Source records:
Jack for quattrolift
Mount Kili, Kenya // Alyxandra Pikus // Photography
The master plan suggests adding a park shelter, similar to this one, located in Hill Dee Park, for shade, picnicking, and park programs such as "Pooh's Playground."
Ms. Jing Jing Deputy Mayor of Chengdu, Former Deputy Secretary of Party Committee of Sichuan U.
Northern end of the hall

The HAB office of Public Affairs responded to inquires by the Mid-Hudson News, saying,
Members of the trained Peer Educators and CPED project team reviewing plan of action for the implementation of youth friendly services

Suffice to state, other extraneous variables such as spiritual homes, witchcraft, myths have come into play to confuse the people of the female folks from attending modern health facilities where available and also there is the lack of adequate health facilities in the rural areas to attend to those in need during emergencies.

==

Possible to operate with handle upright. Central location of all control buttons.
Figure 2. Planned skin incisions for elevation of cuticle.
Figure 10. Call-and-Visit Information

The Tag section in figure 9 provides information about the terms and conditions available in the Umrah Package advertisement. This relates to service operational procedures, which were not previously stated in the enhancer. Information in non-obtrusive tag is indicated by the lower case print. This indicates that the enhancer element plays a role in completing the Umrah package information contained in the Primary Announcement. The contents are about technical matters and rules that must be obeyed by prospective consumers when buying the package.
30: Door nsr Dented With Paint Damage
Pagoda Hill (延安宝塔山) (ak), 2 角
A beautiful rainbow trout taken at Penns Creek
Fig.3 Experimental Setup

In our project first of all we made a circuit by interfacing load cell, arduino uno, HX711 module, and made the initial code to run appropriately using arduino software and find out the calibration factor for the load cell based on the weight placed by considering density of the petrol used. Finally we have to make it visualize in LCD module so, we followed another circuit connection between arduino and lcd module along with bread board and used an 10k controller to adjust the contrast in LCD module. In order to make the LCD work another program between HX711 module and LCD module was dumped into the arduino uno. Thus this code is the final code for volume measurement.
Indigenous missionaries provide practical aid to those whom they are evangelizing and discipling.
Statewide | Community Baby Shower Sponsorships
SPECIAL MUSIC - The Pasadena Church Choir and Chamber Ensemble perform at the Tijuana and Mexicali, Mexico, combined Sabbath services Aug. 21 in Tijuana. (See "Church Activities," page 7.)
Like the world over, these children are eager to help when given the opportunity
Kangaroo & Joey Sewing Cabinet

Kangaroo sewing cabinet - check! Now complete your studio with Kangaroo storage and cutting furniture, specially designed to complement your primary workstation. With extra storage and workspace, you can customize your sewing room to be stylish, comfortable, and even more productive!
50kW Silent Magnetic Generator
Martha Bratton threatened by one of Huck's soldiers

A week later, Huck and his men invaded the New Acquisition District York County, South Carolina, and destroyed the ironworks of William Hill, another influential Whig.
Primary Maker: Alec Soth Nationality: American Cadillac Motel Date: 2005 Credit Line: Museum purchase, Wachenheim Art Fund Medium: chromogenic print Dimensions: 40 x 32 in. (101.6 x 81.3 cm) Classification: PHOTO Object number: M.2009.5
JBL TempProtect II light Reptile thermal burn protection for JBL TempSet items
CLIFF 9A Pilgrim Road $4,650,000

---

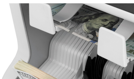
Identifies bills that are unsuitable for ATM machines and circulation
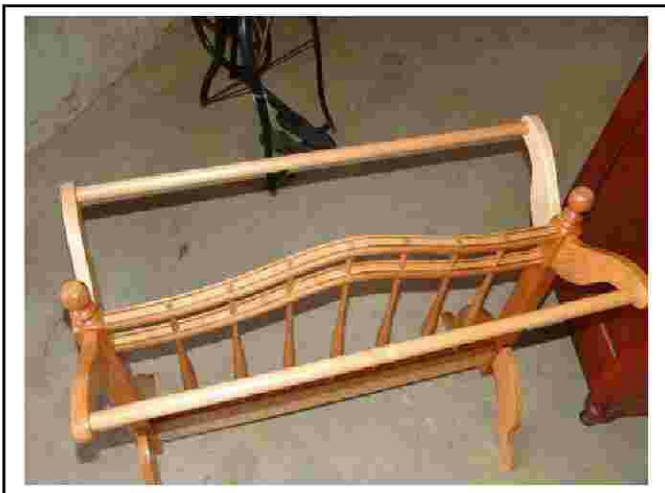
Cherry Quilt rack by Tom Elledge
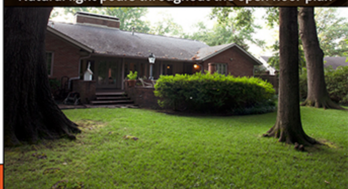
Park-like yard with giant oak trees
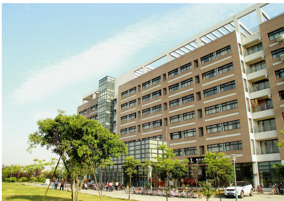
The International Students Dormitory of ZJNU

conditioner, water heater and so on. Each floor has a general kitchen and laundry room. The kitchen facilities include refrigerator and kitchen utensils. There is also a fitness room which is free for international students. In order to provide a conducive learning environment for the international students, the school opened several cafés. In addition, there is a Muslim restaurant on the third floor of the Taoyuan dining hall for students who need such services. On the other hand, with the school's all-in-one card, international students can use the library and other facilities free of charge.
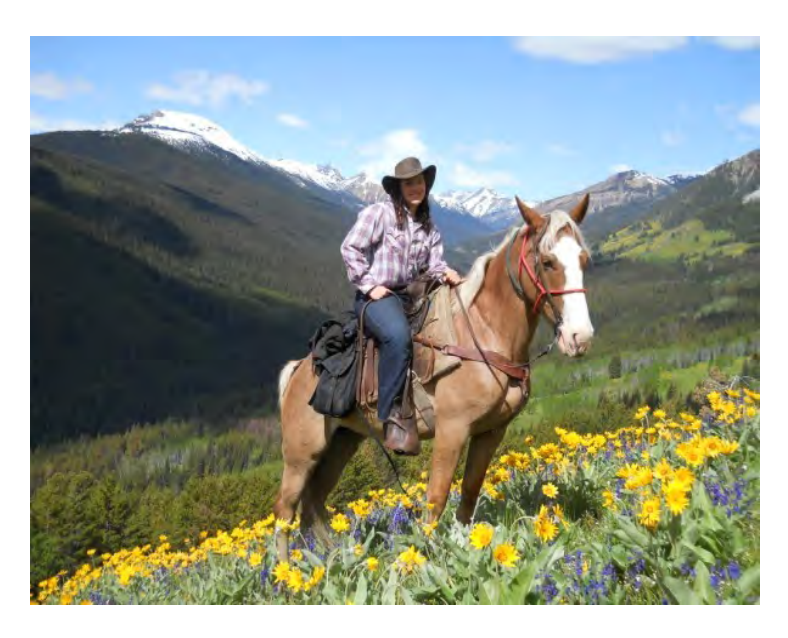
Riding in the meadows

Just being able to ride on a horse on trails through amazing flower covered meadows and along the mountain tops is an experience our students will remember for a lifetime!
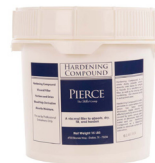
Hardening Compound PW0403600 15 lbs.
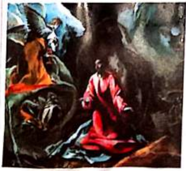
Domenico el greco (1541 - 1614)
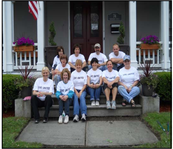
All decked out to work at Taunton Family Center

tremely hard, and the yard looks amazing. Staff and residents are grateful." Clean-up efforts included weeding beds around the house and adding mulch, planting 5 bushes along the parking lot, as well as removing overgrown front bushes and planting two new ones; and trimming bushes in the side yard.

Task:
Take every line above that includes the string "those" and return it.

Reply:
Suffice to state, other extraneous variables such as spiritual homes, witchcraft, myths have come into play to confuse the people of the female folks from attending modern health facilities where available and also there is the lack of adequate health facilities in the rural areas to attend to those in need during emergencies.
Indigenous missionaries provide practical aid to those whom they are evangelizing and discipling.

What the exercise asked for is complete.